» **Exercise objective**:
This exercise calls for an exact copy of the listing, with no pictures kept.

» **Supplied material**:
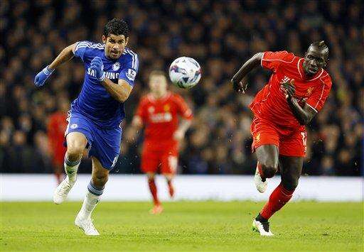 Liverpool's Mamadou Sakho, right, battles for the ball with Chelsea's Diego Costa during the English League Cup semifinal second leg soccer match between Chelsea and Liverpool at Stamford Bridge stadium in London, Tuesday, Jan. 27, 2015. (AP Photo/Kirsty Wigglesworth) The Associated Press
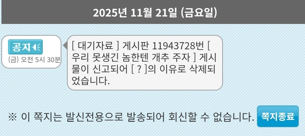 [¿î¿µÀÚ °¨´Ù»ì]ÀÇ ÀÌÀ¯·Î »èÁ¦µÇ¾ú½À´Ï´Ù.
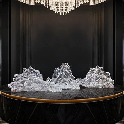 双面新款肌理山型雕塑艺术品进口透明树脂摆件酒店样板房软装饰品

» **Reply to the task**:
 Liverpool's Mamadou Sakho, right, battles for the ball with Chelsea's Diego Costa during the English League Cup semifinal second leg soccer match between Chelsea and Liverpool at Stamford Bridge stadium in London, Tuesday, Jan. 27, 2015. (AP Photo/Kirsty Wigglesworth) The Associated Press
 [¿î¿µÀÚ °¨´Ù»ì]ÀÇ ÀÌÀ¯·Î »èÁ¦µÇ¾ú½À´Ï´Ù.
 双面新款肌理山型雕塑艺术品进口透明树脂摆件酒店样板房软装饰品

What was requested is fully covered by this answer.